Does it really sound far-fetched that reps would try to sell certain devices to make more money? It’s not that this is some huge conspiracy against Apple; store floor discrimination is merely a byproduct of a corporate environment that elevates profit margins above something as subjective as customer experience.

“After 45 mins of the salesperson sternly pushing an Android phone and basically bashing the iPhone in all kind of ways, he finally, very reluctantly I might add, sold us what we came in asking for,” said an AT&T customer. “I’m no dummy, hell I’m a tech geek in fact. I do my homework and I walk in a store knowing exactly what I want. I was absolutely astonished at the lengths this salesperson went to trying to sell us on Android, it was almost disgusting.”

“There were third-party AT&T locations that did nothing but steer customers away from iPhones and towards Android,” explained an anonymous AT&T representative who recently left the company. “The reason being that they were paid more for selling Androids, or at least anything besides the iPhone. Because of this, we received numerous and almost countless complaints from customers who found their Android device to be subpar. The iPhone was clearly the superior machine, and they could have purchased it for the same price in many cases. It was a hassle to send them back to the third-party to return the phone, and an even bigger hassle to have the reps at their locations reverse contracts. Though the process was instantaneous, they would claim it would take days once initiated. But too often it would take days to convince them [the reps] to do their job, accept they weren’t getting paid at all now, and actually reverse the contract.”

“Our reps do what it takes to align customer needs with the best device for them,” AT&T told Cult of Mac in an official statement. “The iPhone remains one of our most popular devices, which doesn’t happen by steering people away from it.”

Reps feel pressured to meet their quotas by selling non-Apple smartphones.

AT&T and the other big carriers aren’t explicitly telling employees to stop selling iPhones. Instead, the internal focus has simply shifted to, “Let’s sell Android and Windows phones!” The tactic isn’t as directly subversive, but reps feel pressured to meet their quotas by selling non-Apple smartphones.

“There weren’t any memos, to my knowledge, that spelled it out that clearly, but it was obviously between the lines,” noted an AT&T employee who wished to remain anonymous. “The stories and memos we did see were from those higher up who had dropped their iPhone and were having a better time with Windows or Android. That was during the time they stopped allowing company-owned iPhones.”

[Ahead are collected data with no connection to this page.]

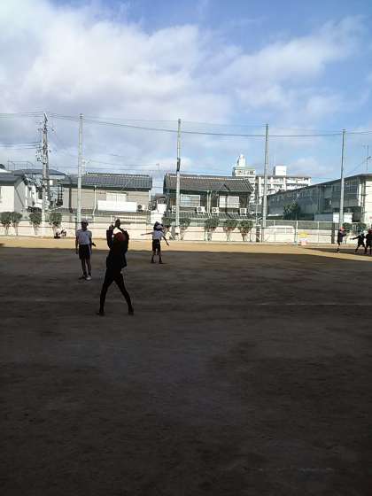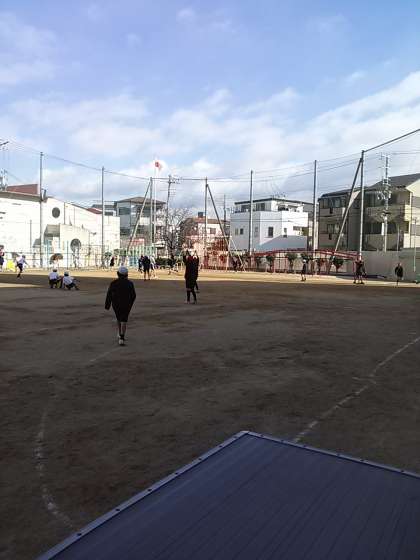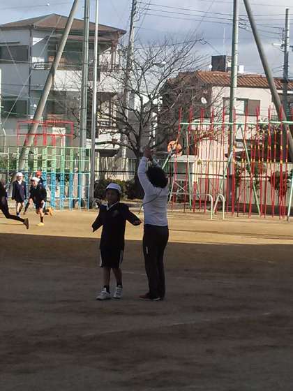 5年生が運動場で、「バナナ鬼」というゲームをしていました。結構、走り回るので、体が温まりそうです。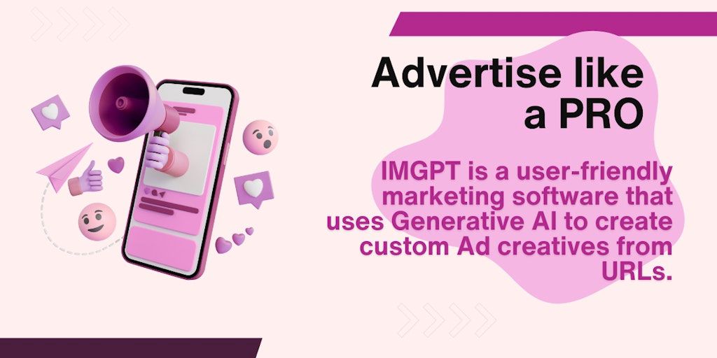 IMGPT is a user-friendly marketing software that uses Generative AI to create custom Ad creatives for products and services. All you need is a URL to your page.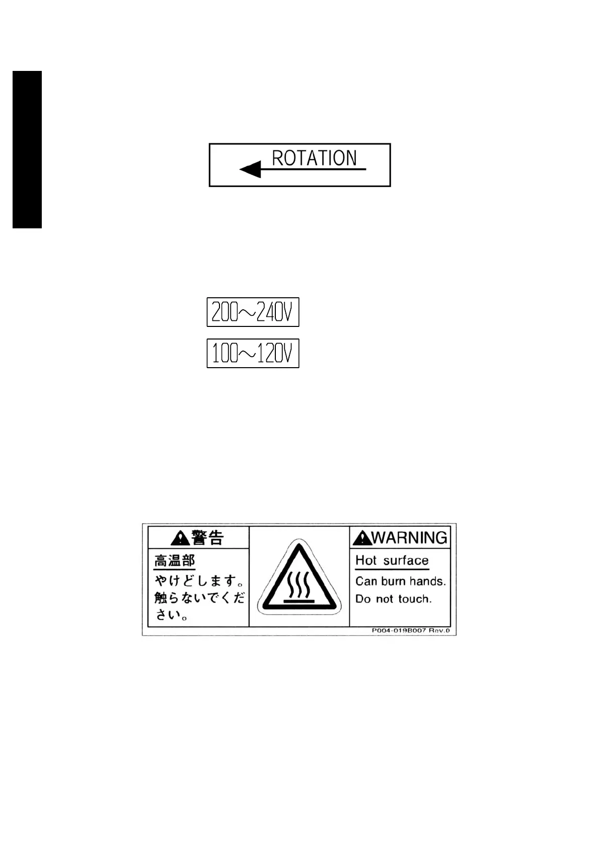 This label instructs operators so as not to touch the hot surface of the STP pump.
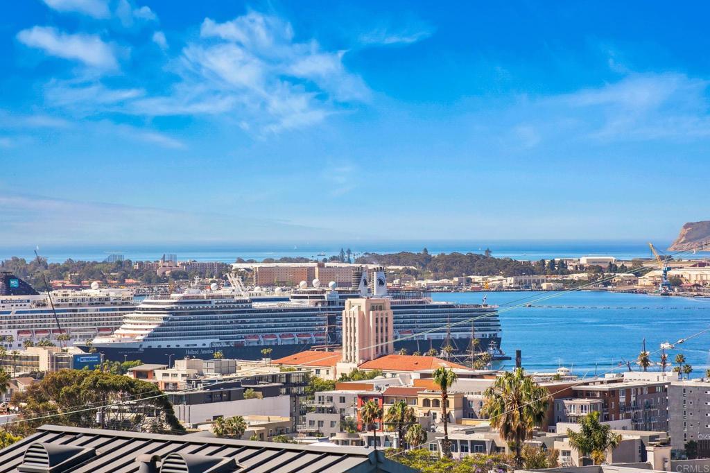 One for the money & two for the show! Top-floor, west-facing condo in south Bankers Hill offers amazingly big panoramic views for under $1 million. The pretty blue waters of San Diego Bay and the Pacific Ocean set the stage, and this condo captures the dynamic atmosphere of San Diego’s waterfront. The 2 bdrm, 2 bath, end-unit condo has a split bdrm floorplan, with 2 west-facing balconies. There are 2 gated parking spaces (tandem). New flooring & paint; dual-pane windows. Located across the street from the iconic Hob Nob Hill restaurant, and easy walking to Balboa Park & museums, eateries, and coffee houses of Bankers Hill. Close to downtown, Little Italy, SAN airport, beaches & freeway.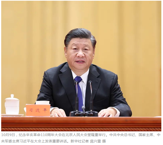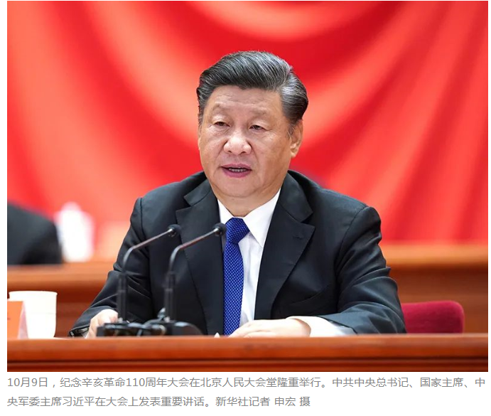 纪念辛亥革命110周年大会9日上午在北京人民大会堂隆重举行。中共中央总书记、国家主席、中央军委主席习近平在会上发表重要讲话强调,今年是辛亥革命110周年,是中国共产党成立100周年,中国人民正意气风发向着全面建成社会主义现代化强国的第二个百年奋斗目标迈进。在这个重要时刻,我们在这里隆重集会,缅怀孙中山先生等革命先驱的历史功勋,就是要学习和弘扬他们为振兴中华而矢志不渝的崇高精神,激励和团结海内外全体中华儿女为实现中华民族伟大复兴而共同奋斗。

When Windows Phone 7 devices started selling on AT&T, employees were banned from carrying iPhones as company-owned devices. “That both helped and hurt iPhone sales,” explained a store rep. “When we would tell customers the iPhone was the greatest, they’d ask why we weren’t carrying it. That would sometimes defer folks. But then we’d add that we hated the phone we were carrying and wished we had the iPhone again. That helped others.”

Sprint did not start carrying the iPhone until last year. According to sources within the company, the same sort of favoritism is shown to non-Apple devices. A Sprint customer’s experience with an online sales rep perhaps sums it up best:

iPhone Discrimination: Why Reps At The Big Carriers Don’t Want To Sell You Apple’s Smartphone [Feature]

“As a rule, Sprint doesn’t guide customers or our reps to sell one device vs. another,” Sprint said in an official statement. “Ultimately, we think the customer sales process should dictate device selection, rate plans, attachables and accessories.  When our sales people assess customer needs correctly, get the customer on the right device and help them use it effectively, we’re more likely to benefit in terms of overall customer lifetime value, especially fewer returns & exchanges, higher ARPU and lower churn.”

While it’s true that iPhone accessories sales bring in a huge amount of profit for carriers, the higher subsidies on the device itself negatively affects carriers’ bottom lines. Sprint’s CEO has been very vocal about the company’s decision to partner with Apple, saying that taking on the iPhone is a long-term investment. Fortunately, the iPhone has an unusually high customer retention and satisfaction rate.

Each iPhone sold costs carriers about $100 more in subsidies than the average Android device over the course of a two-year contract. When you consider that Apple sells millions of iPhones each quarter, the numbers add up. iPhone users are also widely considered to be the most data hungry smartphone customers, as evidenced by AT&T’s network strain during the years of its exclusivity deal with Apple. Carriers often rely on device bundles and special promotions for profit, and Apple rarely, if ever, participates. The iPhone was the first smartphone without a carrier logo, and Apple refuses to load carrier bloatware.

Another explanation would be that these carriers don’t want to be only known for selling the iPhone. AT&T took a bet when Steve Jobs convinced the board to sell the iPhone years ago, but since then Apple has become an industry leader. The iPhone doesn’t need a certain carrier to survive anymore. Customers have more choices than ever before.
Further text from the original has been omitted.